» SUPPLIED RECORDS
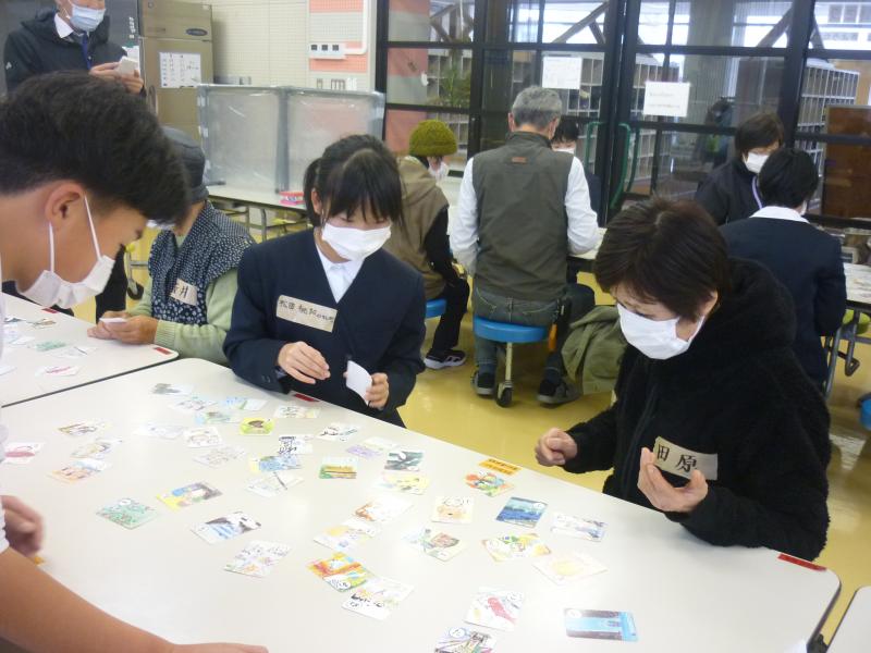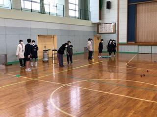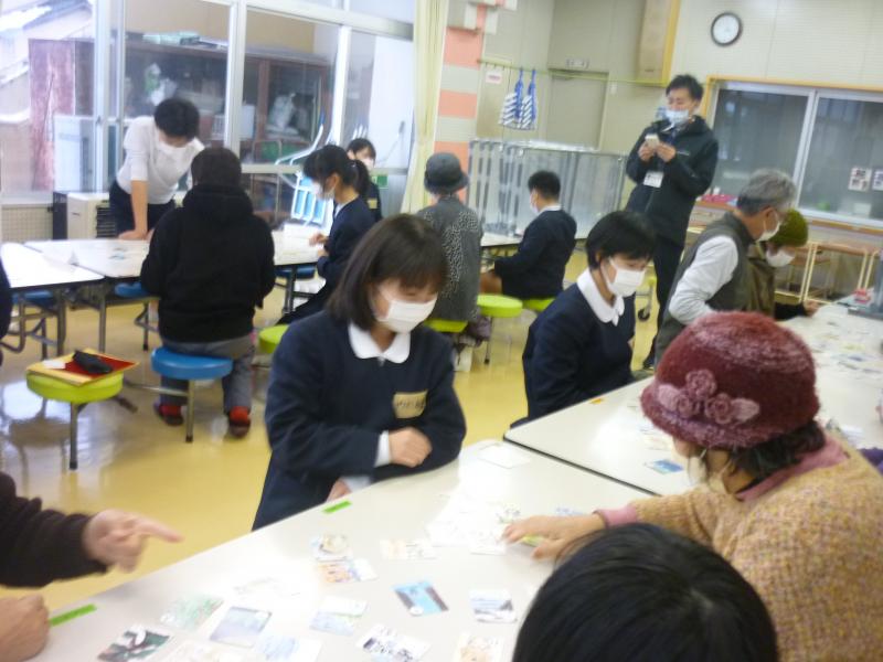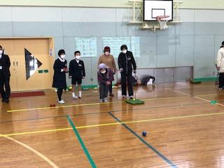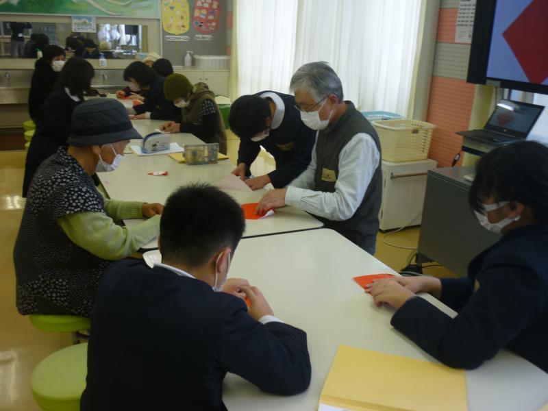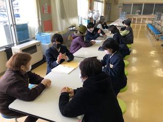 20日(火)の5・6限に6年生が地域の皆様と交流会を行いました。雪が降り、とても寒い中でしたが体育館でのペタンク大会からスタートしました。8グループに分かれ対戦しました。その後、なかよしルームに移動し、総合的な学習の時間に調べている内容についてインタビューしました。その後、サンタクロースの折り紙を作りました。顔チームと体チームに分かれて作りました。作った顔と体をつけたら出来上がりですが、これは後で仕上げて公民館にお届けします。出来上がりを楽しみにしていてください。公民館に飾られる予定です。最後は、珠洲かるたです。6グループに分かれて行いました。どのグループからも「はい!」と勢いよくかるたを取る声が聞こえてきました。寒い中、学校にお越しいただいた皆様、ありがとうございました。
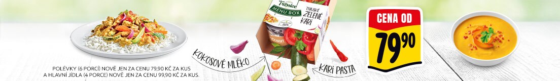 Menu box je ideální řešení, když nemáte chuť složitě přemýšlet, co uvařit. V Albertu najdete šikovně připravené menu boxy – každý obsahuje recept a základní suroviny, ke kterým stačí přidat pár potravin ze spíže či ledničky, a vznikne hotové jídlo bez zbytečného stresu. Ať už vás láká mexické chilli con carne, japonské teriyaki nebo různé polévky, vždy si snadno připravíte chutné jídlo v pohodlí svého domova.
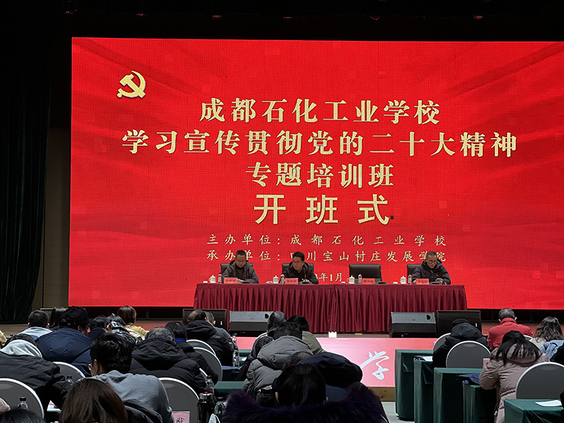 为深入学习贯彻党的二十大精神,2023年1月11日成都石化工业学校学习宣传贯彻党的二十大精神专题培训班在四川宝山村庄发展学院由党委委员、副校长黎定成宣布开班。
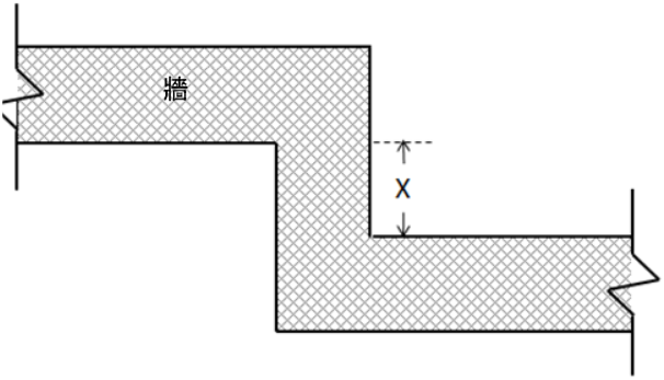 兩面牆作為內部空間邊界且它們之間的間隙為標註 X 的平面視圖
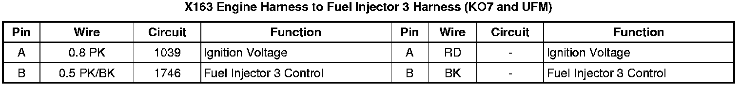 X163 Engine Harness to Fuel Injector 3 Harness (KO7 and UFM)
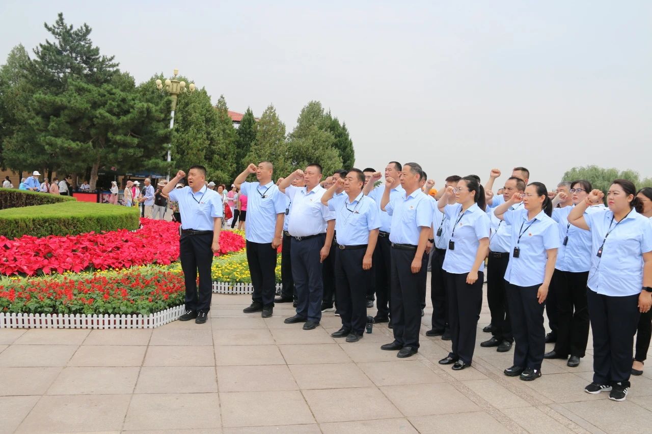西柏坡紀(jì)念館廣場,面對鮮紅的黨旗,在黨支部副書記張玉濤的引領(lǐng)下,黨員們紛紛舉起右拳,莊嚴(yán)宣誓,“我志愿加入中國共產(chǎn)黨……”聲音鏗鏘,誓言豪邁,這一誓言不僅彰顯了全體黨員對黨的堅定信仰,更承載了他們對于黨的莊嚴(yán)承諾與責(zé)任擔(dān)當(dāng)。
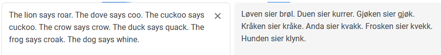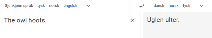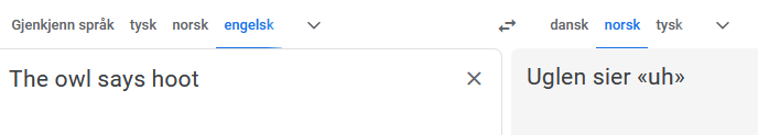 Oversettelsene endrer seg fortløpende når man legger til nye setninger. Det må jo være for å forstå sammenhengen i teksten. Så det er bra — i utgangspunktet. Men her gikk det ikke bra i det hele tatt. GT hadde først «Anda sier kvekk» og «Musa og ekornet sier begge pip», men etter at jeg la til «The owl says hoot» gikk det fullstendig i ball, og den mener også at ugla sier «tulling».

» INSTRUCTIONS FOR THE TASK
Leave the pictures out, and transcribe exactly the lines above starting at the one that contains "为深入学习贯彻党的二十大精神" and ending at the one that contains "西柏坡紀(jì)念館廣場,面".

» WRITTEN ANSWER
 为深入学习贯彻党的二十大精神,2023年1月11日成都石化工业学校学习宣传贯彻党的二十大精神专题培训班在四川宝山村庄发展学院由党委委员、副校长黎定成宣布开班。
 兩面牆作為內部空間邊界且它們之間的間隙為標註 X 的平面視圖
 X163 Engine Harness to Fuel Injector 3 Harness (KO7 and UFM)
西柏坡紀(jì)念館廣場,面對鮮紅的黨旗,在黨支部副書記張玉濤的引領(lǐng)下,黨員們紛紛舉起右拳,莊嚴(yán)宣誓,“我志愿加入中國共產(chǎn)黨……”聲音鏗鏘,誓言豪邁,這一誓言不僅彰顯了全體黨員對黨的堅定信仰,更承載了他們對于黨的莊嚴(yán)承諾與責(zé)任擔(dān)當(dāng)。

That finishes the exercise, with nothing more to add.